Il faut maintenant que vous vous figuriez qu’il y avait environ sept ans que j’étais arrivée à Londres, et que non seulement j’avais laissé grossir l’ancien revenu, administré, comme je l’ai fait entendre, par Sir Robert Clayton, mais que j’avais mis de côté une richesse incroyable, si l’on considère le temps. Si j’avais encore eu la moindre pensée de réforme, j’avais toutes les occasions de le faire avec toutes les facilités qu’une femme eût jamais.

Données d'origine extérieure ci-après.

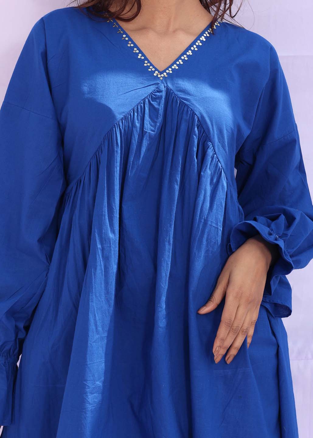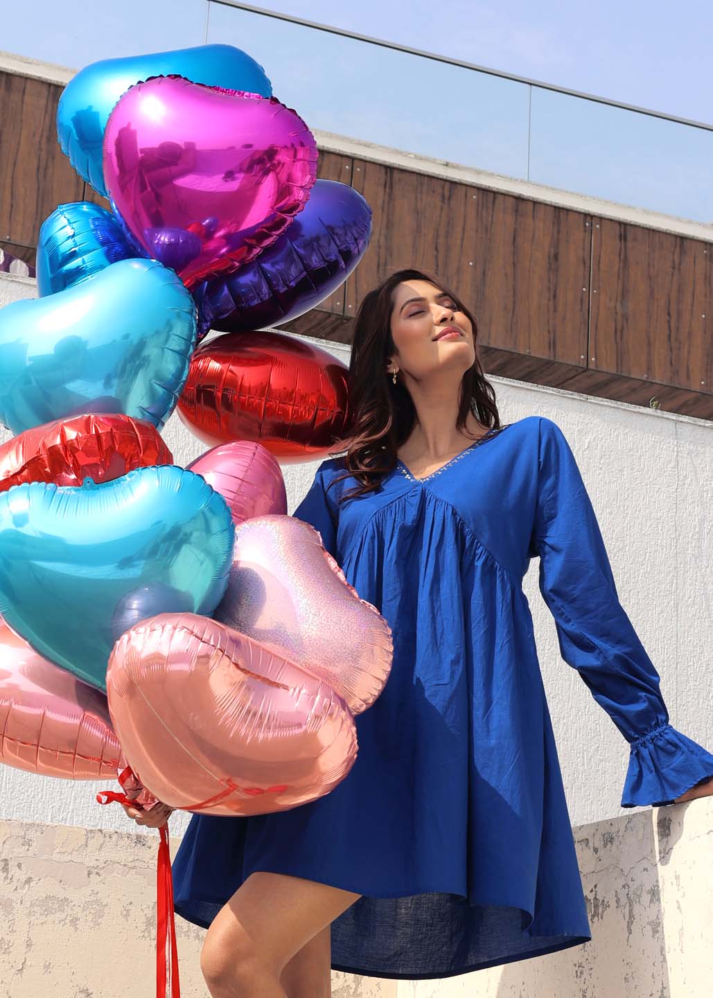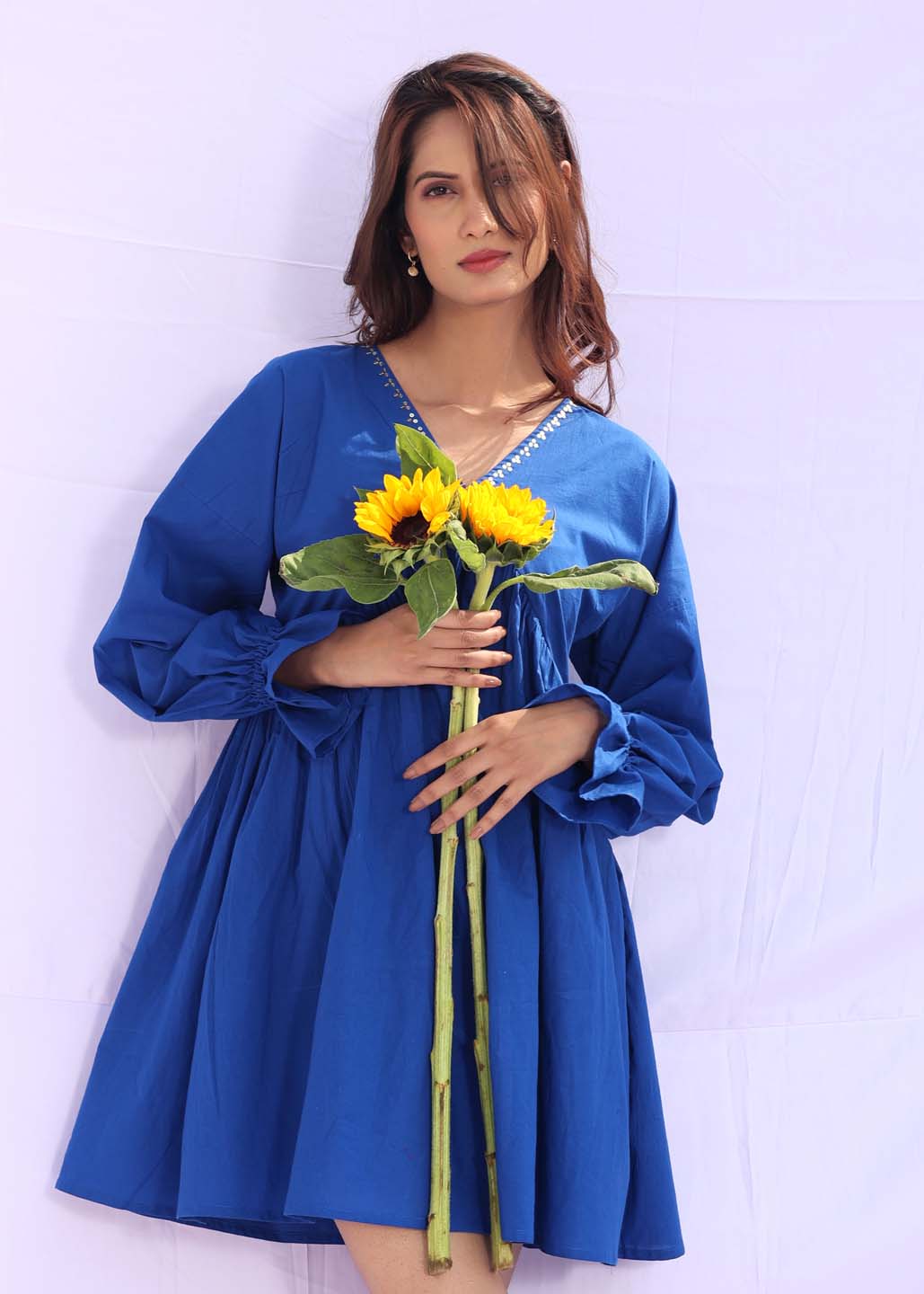 Embrace effortless elegance with our handcrafted Cotton Blue Flare Dress. Designed for modern women, this breathable cotton dress features a chic V-neckline with delicate embellishments that enhance your silhouette, while intricate handwork adds a touch of sophistication. The flattering flare design and voluminous balloon sleeves ensure graceful movement, making it an ideal choice for casual outings, brunches, or special occasions.
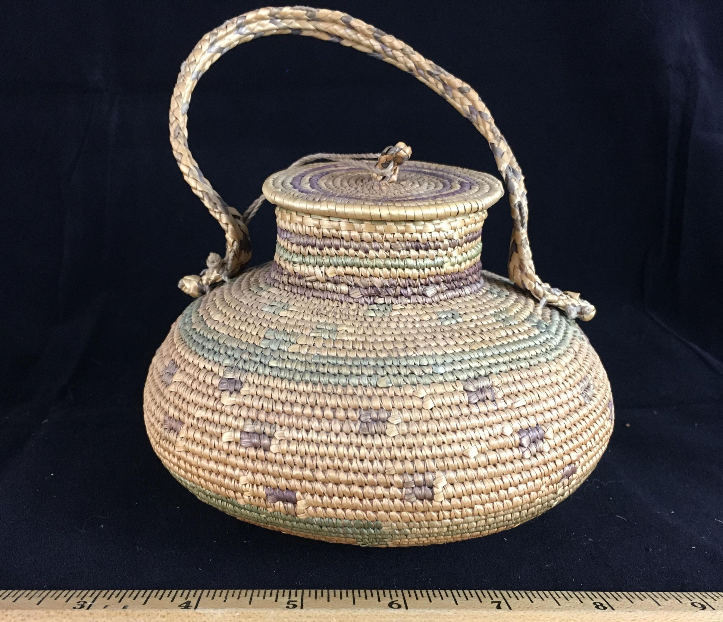 Great little basket in perfect condition aside from expected fading of the color on the exterior. The lid is attached to the basket at one end of the basketry handle with cotton thread. The start of the basket is a basketry loop made with natural and purple grass.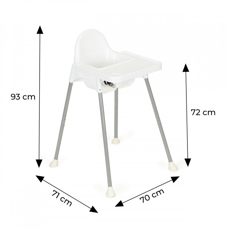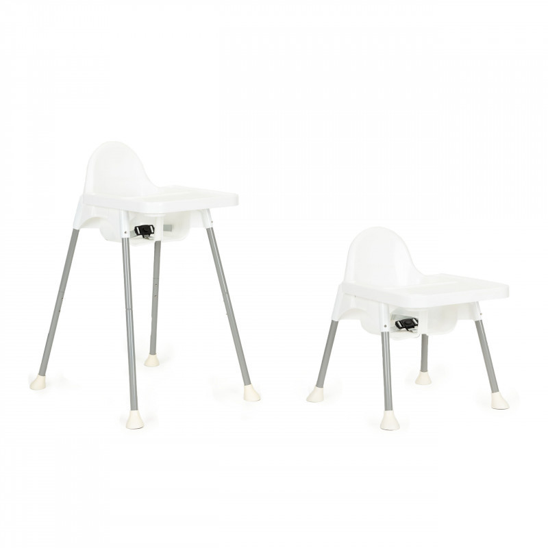 A szék magassága állítható. Könnyen szétszerelheti a lábakat és a lábtartót, így a magas ülőhelyet alacsonyabb székké alakíthatja át. Ha kisgyermek önállóvá válik, és már nem kell folyamatosan figyelnie őt az étkezések során, egy alacsonyabb szék tökéletes lesz számára.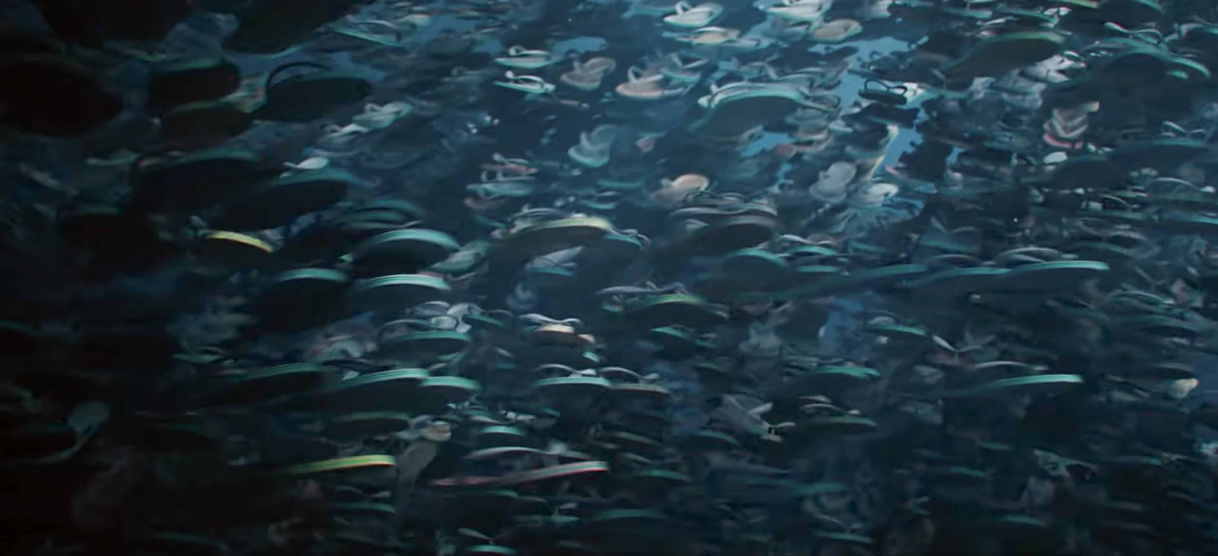 Lukas Gotkowski: The flip-flop swarms were created in Houdini. We created point clouds in 3D space and used vector fields to move and align them. These fields were generated in such a way that they depict the movement patterns of a school of fish. The movement of the particles could be customised with additional parameters to change the speed or size of the individual small shoals. In this way, we were able to manipulate the movements not only realistically, but also with artistic control. After creating the simulation, several models of the flip-flops were attached to the particles to transfer the position and orientation of the particles. In addition, further variables that were helpful for shading – e.g. size and colouring – were distributed to the points. The data was output using the Arnold exporter (*.ass files) so that it could be prepared as flexibly as possible for Arnold in any software package.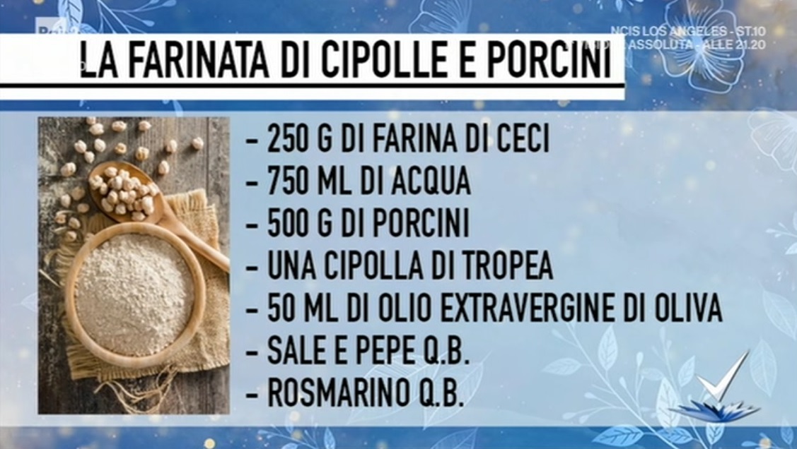 Il tutor Chiara Canzian, figlia di Red, protagonista dello spazio dedicato alla cucina, all’interno del programma condotto da Bianca Guaccero su Rai2, Detto Fatto, ha proposto una ricetta vegana e sfiziosa: la farinata di cipolle e porcini. Di seguito ingredienti e procedimento.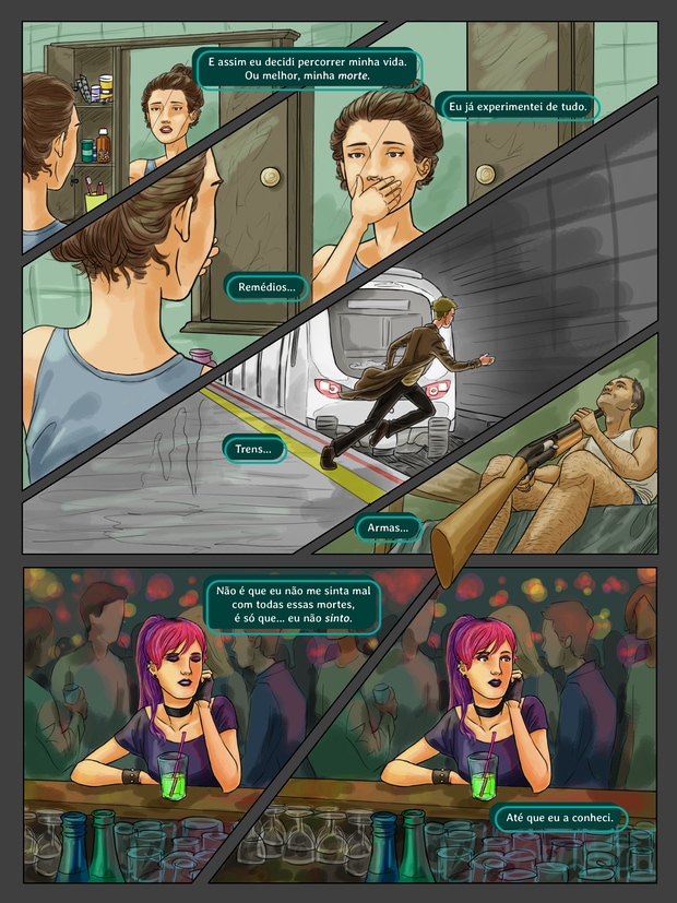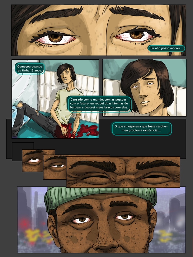 Uma pessoa que não pode morrer tenta achar sentido na sua quase vida nesse quadrinho escrito por Pedro C Almeida e desenhado por Fred Lucas.
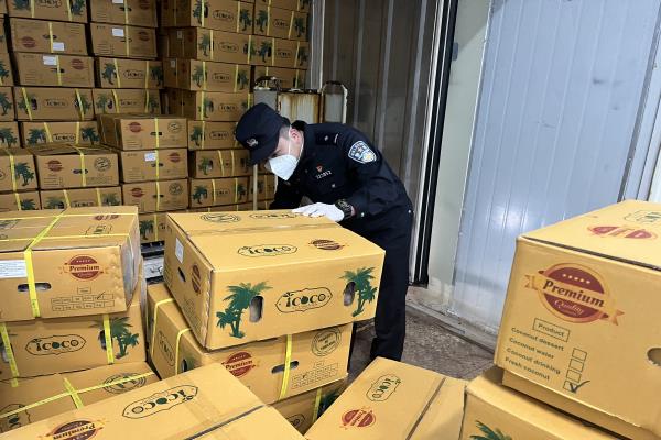 边检民警抽查卸运进口水果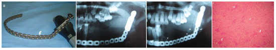 (a) Prebent reconstruction plate. (b) One-week postoperative orthopantomograph. (c) Eighteenth-month postoperative orthopantomograph showing evidence of osteogenesis (arrows). (d) Micrograph showing multinucleated giant cells (arrows).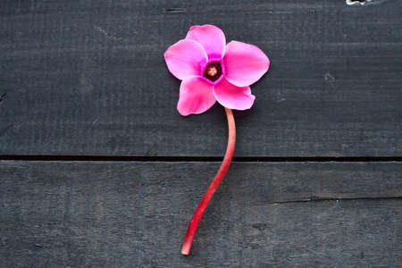 Cyclamen flower side view on black shabby wooden background. One flower with five petals, Stem without leaves. Copy space. Beautiful floral card with cyclamen. Rustic pastoral style, french provence
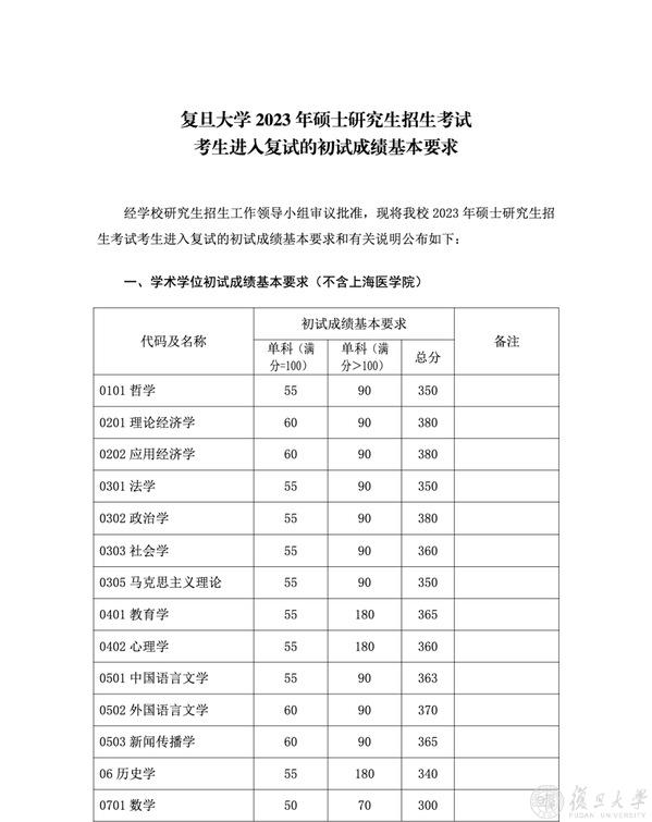 复旦大学2023年硕士生招生考试复试基本分数线公布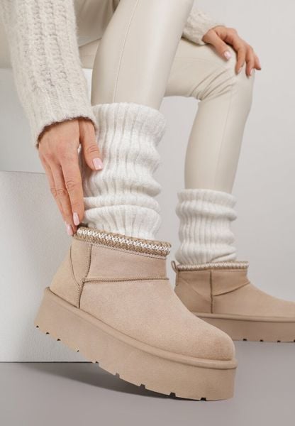 Ciemnobeżowe Śniegowce na Grubej Podeszwie Zdobione Haftem Sewnella
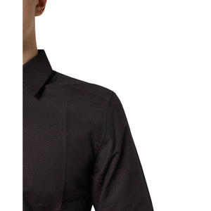 • Dolce & Gabbana Maroon Jacquard Cotton GOLD Men Dress Shirt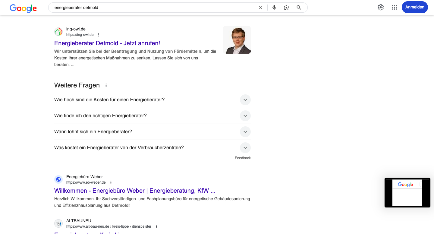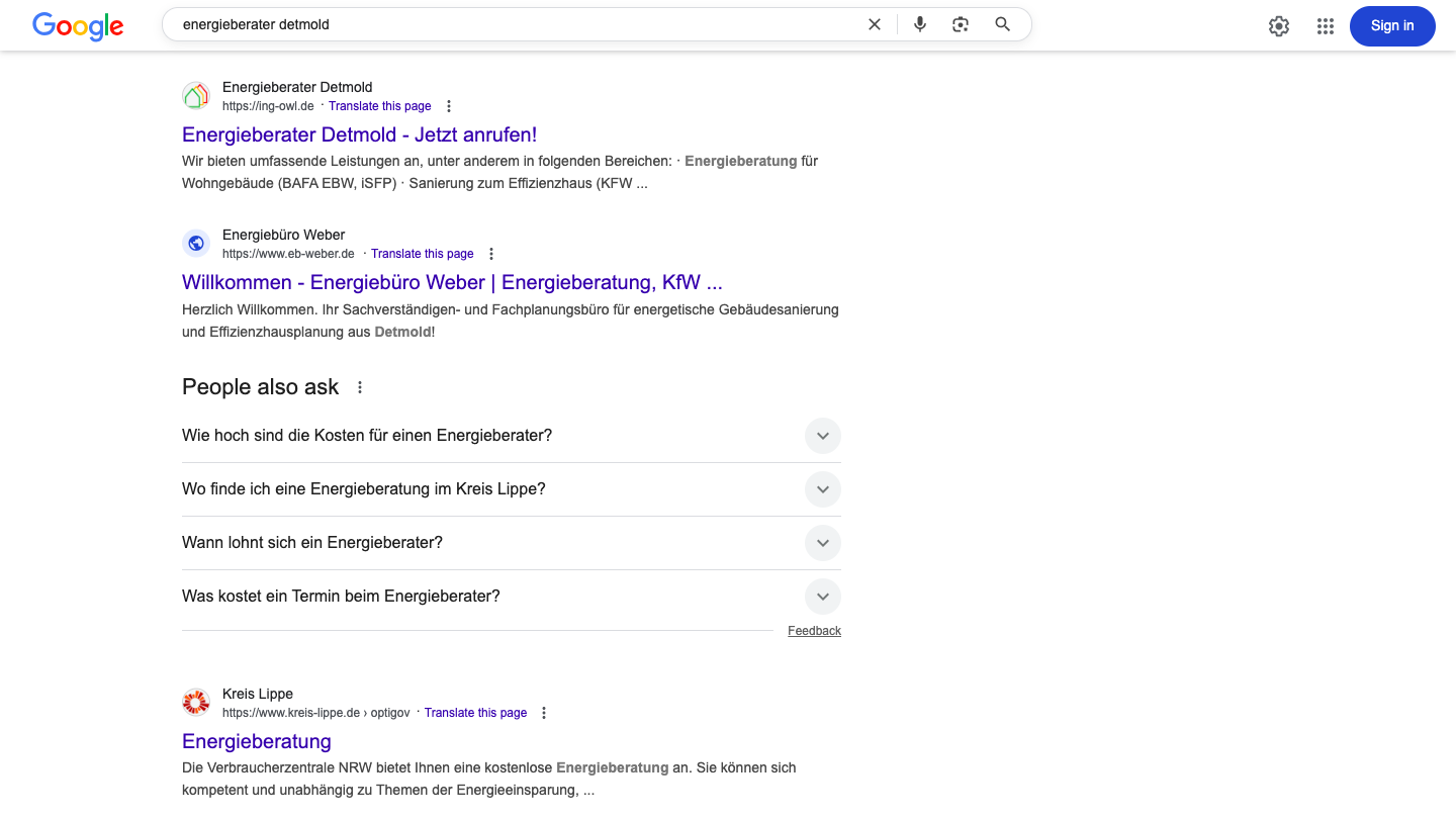 Ingenieurbüro Hegerfeld erhielt eine Website, die exakt nach den Vorstellungen erstellt wurde, und profitiert durch gezielte SEO-Maßnahmen nun von einer Nr.1-Platzierung bei Google für „Energieberater Detmold“. Dies hat die Sichtbarkeit des Unternehmens deutlich gesteigert und zu mehr Kundenanfragen geführt. Zusätzlich wurde das Ingenieurbüro bei der Lösung von Problemen mit der Verifizierung des Google My Business-Profils unterstützt, wodurch eine optimale Darstellung im lokalen Suchbereich sichergestellt werden konnte. Die neue Online-Präsenz hat das Geschäft nachhaltig gestärkt und den Weg für langfristigen Erfolg geebnet.

En effet, le vice commun des courtisanes, je veux dire l’argent, était hors de question ; l’avarice même aurait pu paraître assouvie, car, y compris ce que j’avais économisé en réservant l’intérêt de quatorze mille livres sterling, que j’avais, comme je l’ai dit plus haut, laissé s’accumuler, et y compris quelques présents considérables que je m’étais vu faire par pur compliment à l’occasion de ces brillantes réunions masquées pendant environ deux ans que je les avais tenues, et aussi ce que j’avais trouvé dans trois années de ce que j’appelle la plus somptueuse retraite, j’avais grandement doublé ma première fortune, et j’étais nantie de près de cinq mille livres sterling argent, que je gardais chez moi, en outre de quantité de vaisselle plate et de bijoux que l’on m’avait donnés, ou que j’avais achetés pour me parer les jours de réception.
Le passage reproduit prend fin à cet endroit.